## DATA SEGMENT
-=-=-

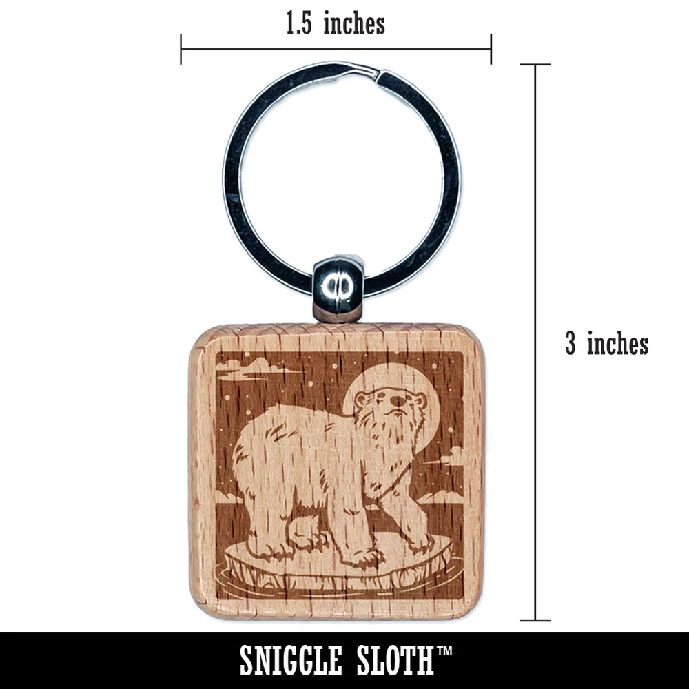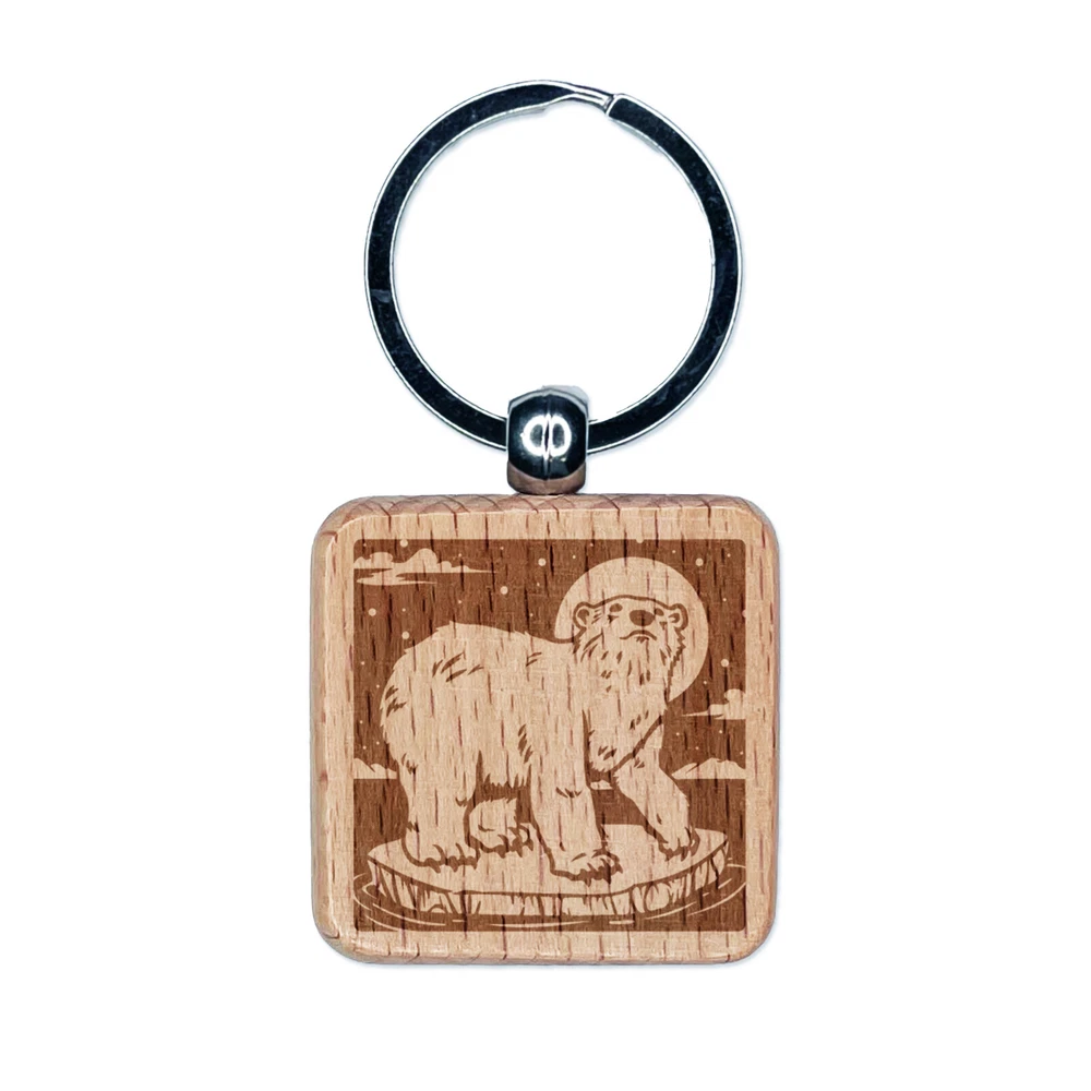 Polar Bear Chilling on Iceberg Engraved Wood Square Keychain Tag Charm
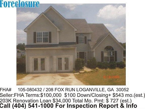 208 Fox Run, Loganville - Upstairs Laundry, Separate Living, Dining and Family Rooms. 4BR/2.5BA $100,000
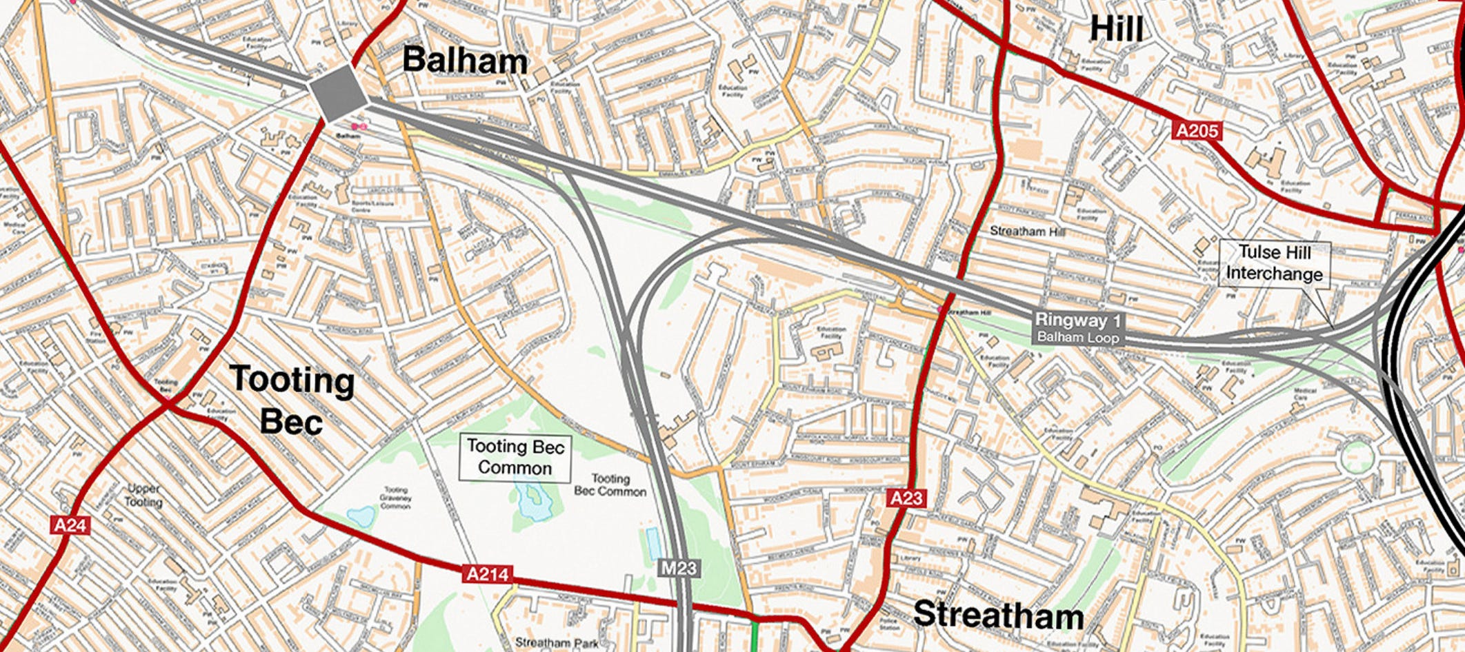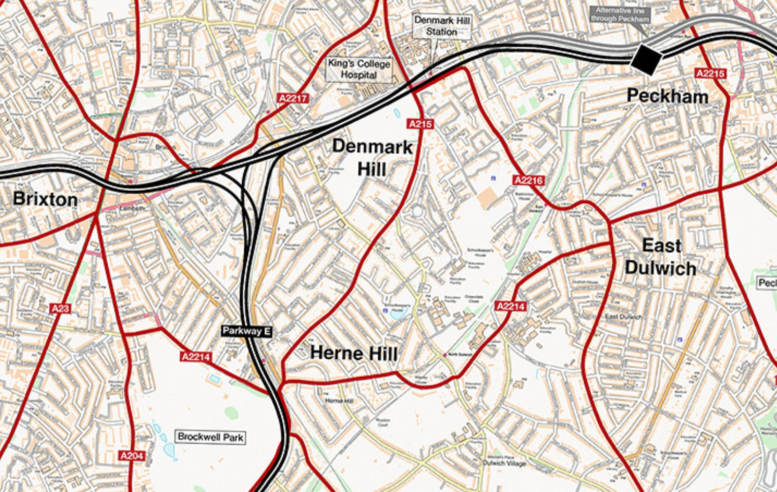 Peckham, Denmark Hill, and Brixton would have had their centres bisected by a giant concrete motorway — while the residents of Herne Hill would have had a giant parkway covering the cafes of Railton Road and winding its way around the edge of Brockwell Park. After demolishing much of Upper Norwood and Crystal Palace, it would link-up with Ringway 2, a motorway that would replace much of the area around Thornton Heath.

-=-=-

## WHAT THE TASK REQUIRES
Set the lines above down again, word for word, from the first through the one containing "208 Fox Run, Loganville"; pictures excluded.

## RESPONSE FOR THIS EXERCISE
 Polar Bear Chilling on Iceberg Engraved Wood Square Keychain Tag Charm
 208 Fox Run, Loganville - Upstairs Laundry, Separate Living, Dining and Family Rooms. 4BR/2.5BA $100,000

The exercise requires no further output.